# Data records
◆ ◆ ◆ ◆
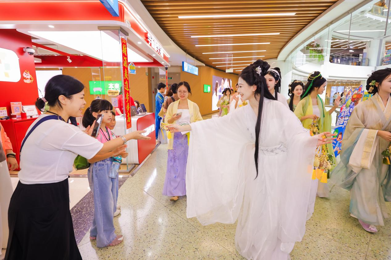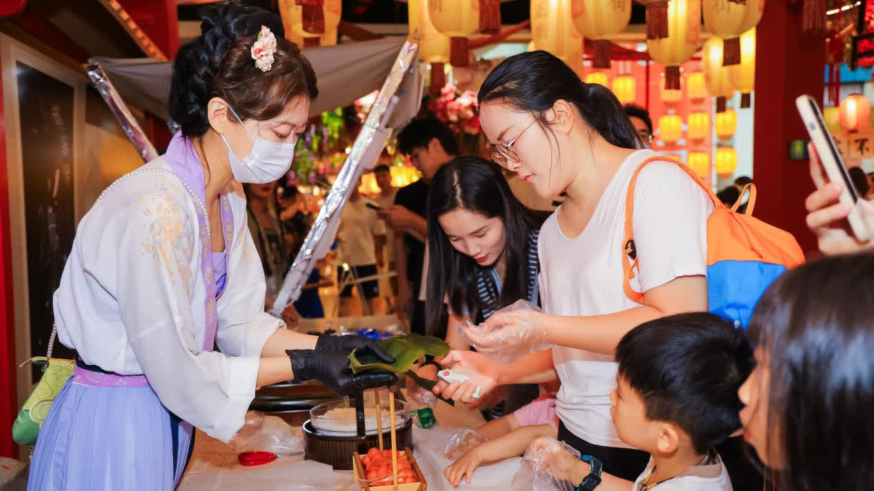 在廣州多個商圈都打出了傳統民俗「活化」牌,吸引街坊消費。在廣州天河正佳廣場,就以「同船渡·粵韻廣州」主題,呈現水下舞秀、漢服快閃、非遺體驗及親子互動等豐富內容。其中,臨近高考,「狀元高粽」包粽互動最受歡迎,遊客可親手包粽並獲頒「粽子身份證」。現場還有以白蛇傳為主題的漢服巡遊。廣州的陳女士帶着女兒體驗後表示:「孩子第一次接觸漢服文化,這次活動也讓她對端午習俗產生了濃厚的興趣。」
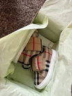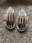 Elevate your little one's casual look with these stylish Burberry sneakers. Crafted from high-quality leather, these sneakers are perfect for any occasion. The beige color and unisex design make them a versatile addition to any baby's wardrobe.Featuring a comfortable fit and durable construction, these sneakers are sure to keep your child's feet happy. The Burberry brand is synonymous with quality and style, making these shoes a must-have for any fashion-forward toddler. Don't miss out on the opportunity to add these adorable sneakers to your child's shoe collection.
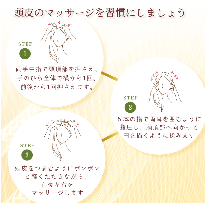 朝・晩など、適量を頭皮につけてよくマッサージしたり、
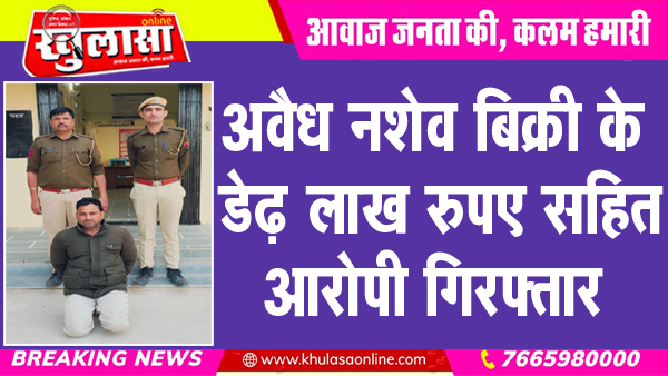 अवैध नशे व बिक्री के डेढ़ लाख रुपए सहित आरोपी गिरफ्तार
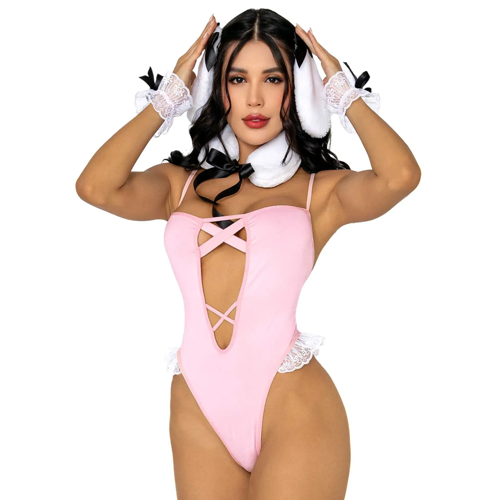 ¡Deja que tu lado más tierno y juguetón brille con nuestro adorable disfraz de ovejita! Este encantador conjunto incluye un body en un tono rosa pálido que abraza delicadamente tu figura, adornado con detalles de encaje en las caderas y en los guantes, que añaden un toque de ternur y sensualidad. El...
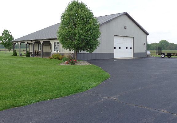 Wonderful Ranch Home on 2 acres in Bonfield. 3 bedroom 3 bath home has a formal living and dining room. Kitchen opens to Huge Family room with wood burning fireplace and sliders leading to the patio. Amazing 42 x 55 outbuilding has it all. Asphalt driveway leads to 10.5ft x16'' door. 12ft ceilings. Has Bath with shower. Tons of storage in walk-up attic. Fully insulated & heated w/concrete floor and drain. 220V hookup
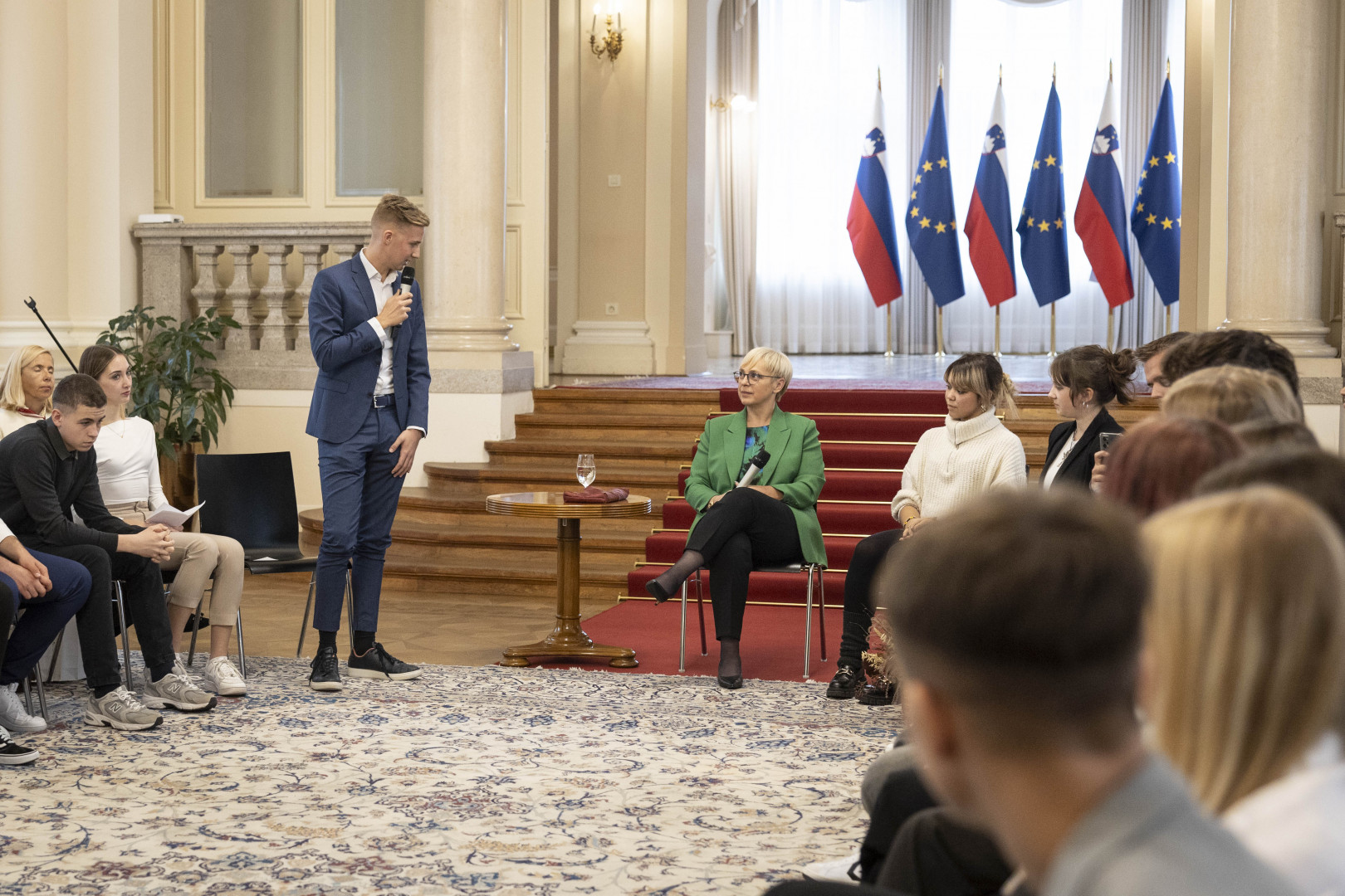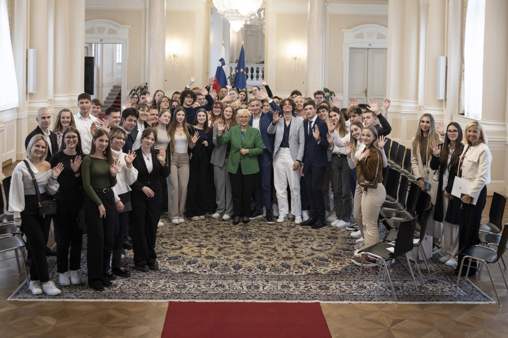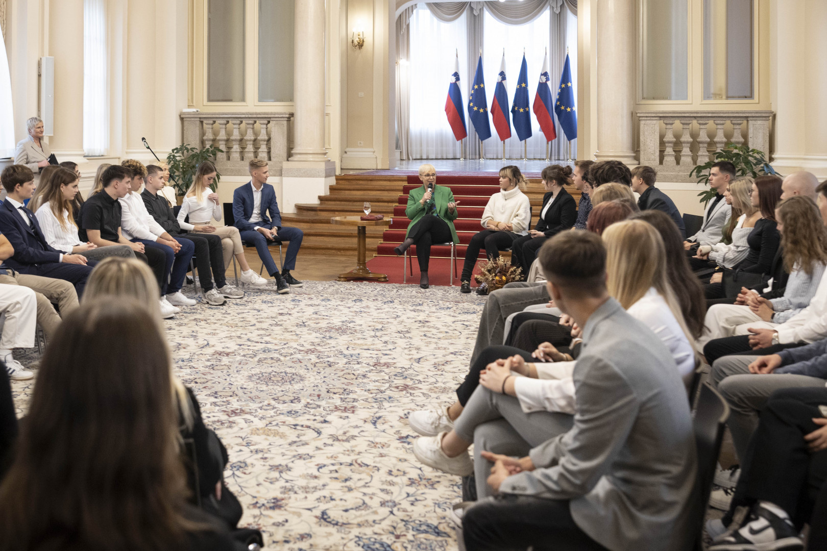 Podelitev priznanj predsednice so spremljali tudi dijaki Dijaške skupnosti Celje, s katerimi je predsednica nato opravila pogovor o pomenu posameznikovih tovrstnih prizadevanj za boljšo družbo, državljanski vzgoji in aktivnem državljanstvu.
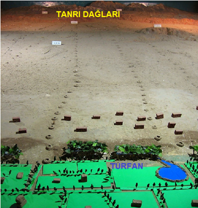 Figure 21. Sincan-Uygur Bölgesi Kariz Yeraltı Su Kanalları (Kuzeydeki Tanrı Dağlarından Güneydeki Turfan’a).
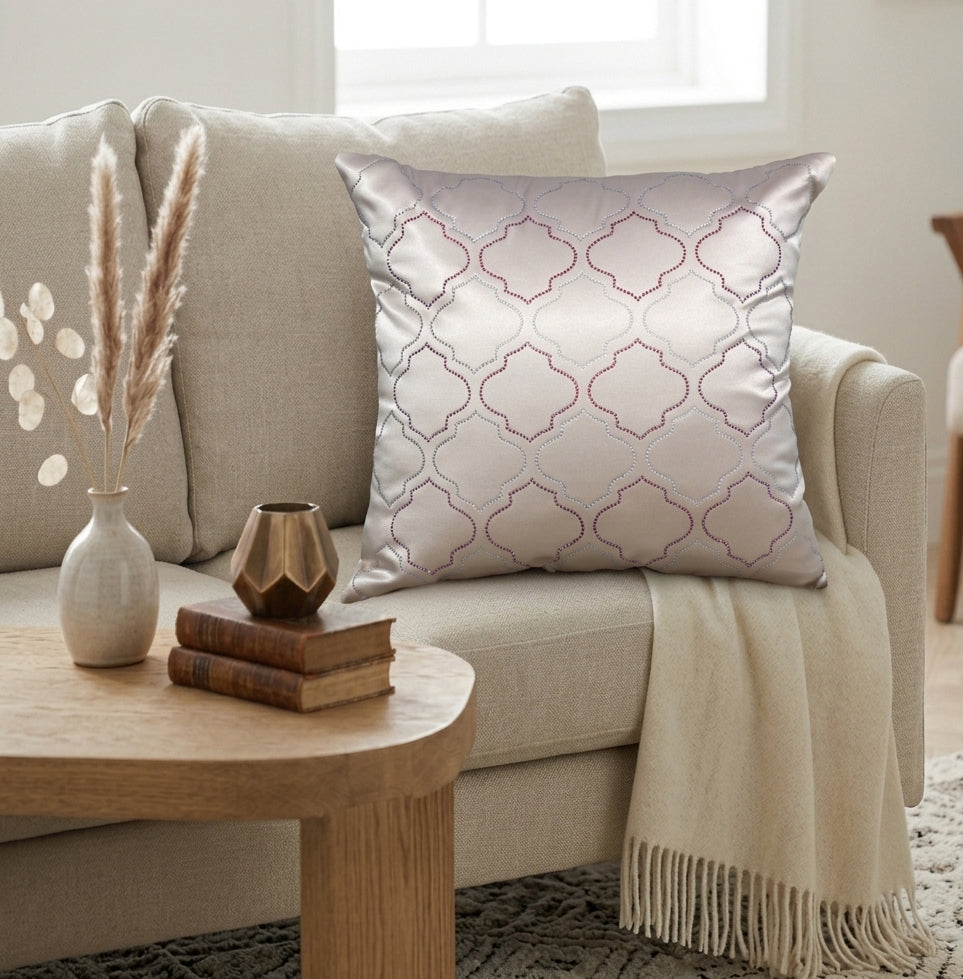 Cushion Cover - Beige Gold in a Red Damask Jaal Pattern
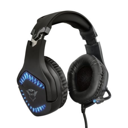 Over-ear gaming headset with powerful 50 mm driver units and blue illuminated sides
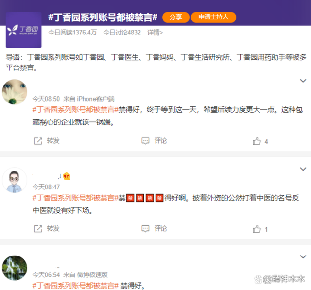 目前,針對(duì)丁香園被禁言一事,網(wǎng)友眾說紛紜褒貶不一。有為其喊冤抱不平的,也有認(rèn)為丁香園在宣傳醫(yī)療知識(shí)的時(shí)候會(huì)“夾帶私貨,蹭熱度,虛假科普”,早該被治理一下。還有人質(zhì)疑丁香園背后有美資背景...
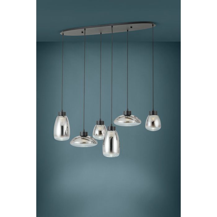 Rippvalgusti SARNARRA-EG-390301, LED 6 x 5,4W, 2700K Valgusvoog: 3060lm, Metall, Klaas, Must, Läbipaistev, Must, Kõrgus 150 cm, Pikkus 128 cm, Laius 54,5 cm; Hämardatav; IP20
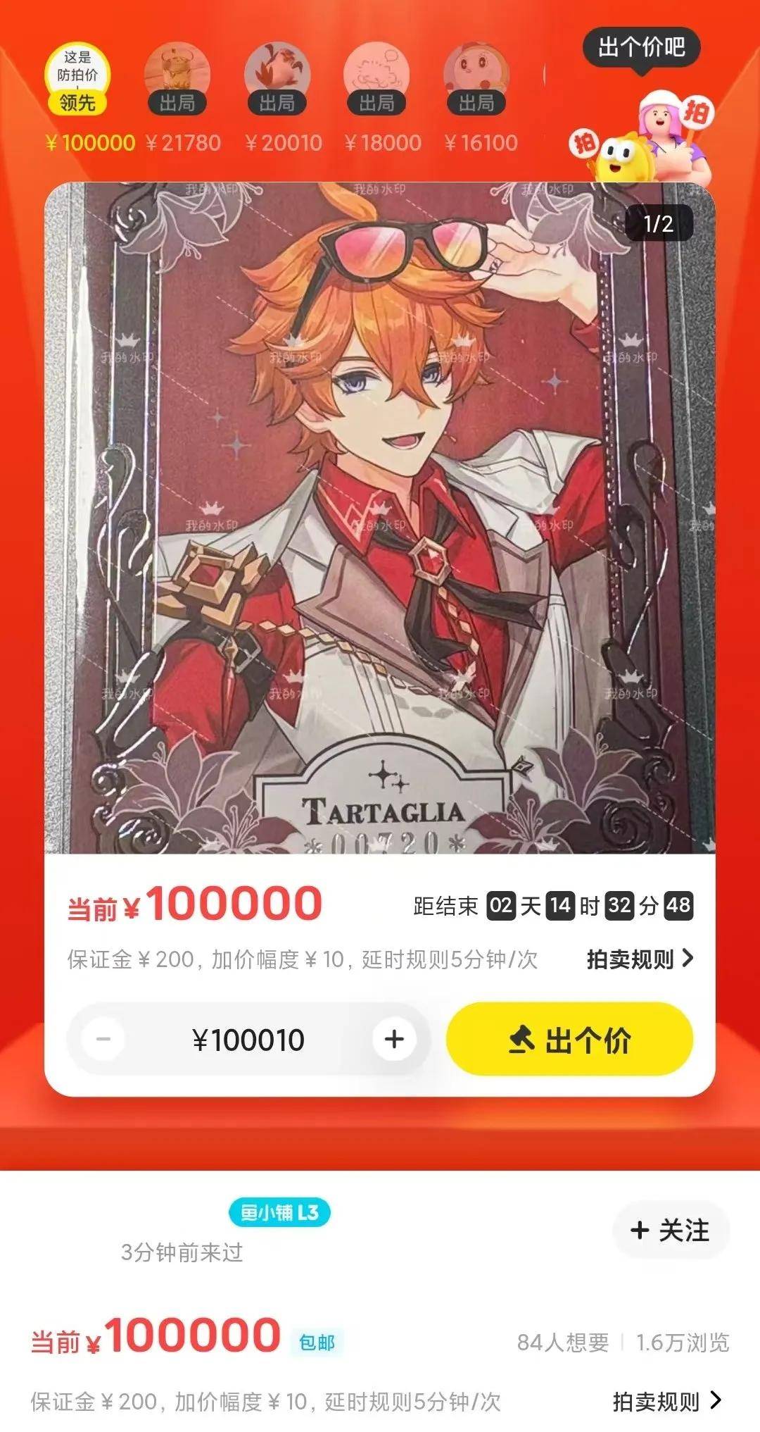 起初,其价格的上涨还算正常,基本是10块或几十块的往上加,慢慢的,加价的幅度变为了几百块,围观的人也从几十慢慢涨到了几百几千,随时间推移,这张达达利亚生日编相卡价格的飙升,招来了倒爷、黄牛、乐子人等多方势力,其价格也最终发展到了脱离现实的地步。
◆ ◆ ◆ ◆
Quote all the lines above exactly as given. Do not include the pictures.

# EXERCISE RESULT
 在廣州多個商圈都打出了傳統民俗「活化」牌,吸引街坊消費。在廣州天河正佳廣場,就以「同船渡·粵韻廣州」主題,呈現水下舞秀、漢服快閃、非遺體驗及親子互動等豐富內容。其中,臨近高考,「狀元高粽」包粽互動最受歡迎,遊客可親手包粽並獲頒「粽子身份證」。現場還有以白蛇傳為主題的漢服巡遊。廣州的陳女士帶着女兒體驗後表示:「孩子第一次接觸漢服文化,這次活動也讓她對端午習俗產生了濃厚的興趣。」
 Elevate your little one's casual look with these stylish Burberry sneakers. Crafted from high-quality leather, these sneakers are perfect for any occasion. The beige color and unisex design make them a versatile addition to any baby's wardrobe.Featuring a comfortable fit and durable construction, these sneakers are sure to keep your child's feet happy. The Burberry brand is synonymous with quality and style, making these shoes a must-have for any fashion-forward toddler. Don't miss out on the opportunity to add these adorable sneakers to your child's shoe collection.
 朝・晩など、適量を頭皮につけてよくマッサージしたり、
 अवैध नशे व बिक्री के डेढ़ लाख रुपए सहित आरोपी गिरफ्तार
 ¡Deja que tu lado más tierno y juguetón brille con nuestro adorable disfraz de ovejita! Este encantador conjunto incluye un body en un tono rosa pálido que abraza delicadamente tu figura, adornado con detalles de encaje en las caderas y en los guantes, que añaden un toque de ternur y sensualidad. El...
 Wonderful Ranch Home on 2 acres in Bonfield. 3 bedroom 3 bath home has a formal living and dining room. Kitchen opens to Huge Family room with wood burning fireplace and sliders leading to the patio. Amazing 42 x 55 outbuilding has it all. Asphalt driveway leads to 10.5ft x16'' door. 12ft ceilings. Has Bath with shower. Tons of storage in walk-up attic. Fully insulated & heated w/concrete floor and drain. 220V hookup
 Podelitev priznanj predsednice so spremljali tudi dijaki Dijaške skupnosti Celje, s katerimi je predsednica nato opravila pogovor o pomenu posameznikovih tovrstnih prizadevanj za boljšo družbo, državljanski vzgoji in aktivnem državljanstvu.
 Figure 21. Sincan-Uygur Bölgesi Kariz Yeraltı Su Kanalları (Kuzeydeki Tanrı Dağlarından Güneydeki Turfan’a).
 Cushion Cover - Beige Gold in a Red Damask Jaal Pattern
 Over-ear gaming headset with powerful 50 mm driver units and blue illuminated sides
 目前,針對(duì)丁香園被禁言一事,網(wǎng)友眾說紛紜褒貶不一。有為其喊冤抱不平的,也有認(rèn)為丁香園在宣傳醫(yī)療知識(shí)的時(shí)候會(huì)“夾帶私貨,蹭熱度,虛假科普”,早該被治理一下。還有人質(zhì)疑丁香園背后有美資背景...
 Rippvalgusti SARNARRA-EG-390301, LED 6 x 5,4W, 2700K Valgusvoog: 3060lm, Metall, Klaas, Must, Läbipaistev, Must, Kõrgus 150 cm, Pikkus 128 cm, Laius 54,5 cm; Hämardatav; IP20
 起初,其价格的上涨还算正常,基本是10块或几十块的往上加,慢慢的,加价的幅度变为了几百块,围观的人也从几十慢慢涨到了几百几千,随时间推移,这张达达利亚生日编相卡价格的飙升,招来了倒爷、黄牛、乐子人等多方势力,其价格也最终发展到了脱离现实的地步。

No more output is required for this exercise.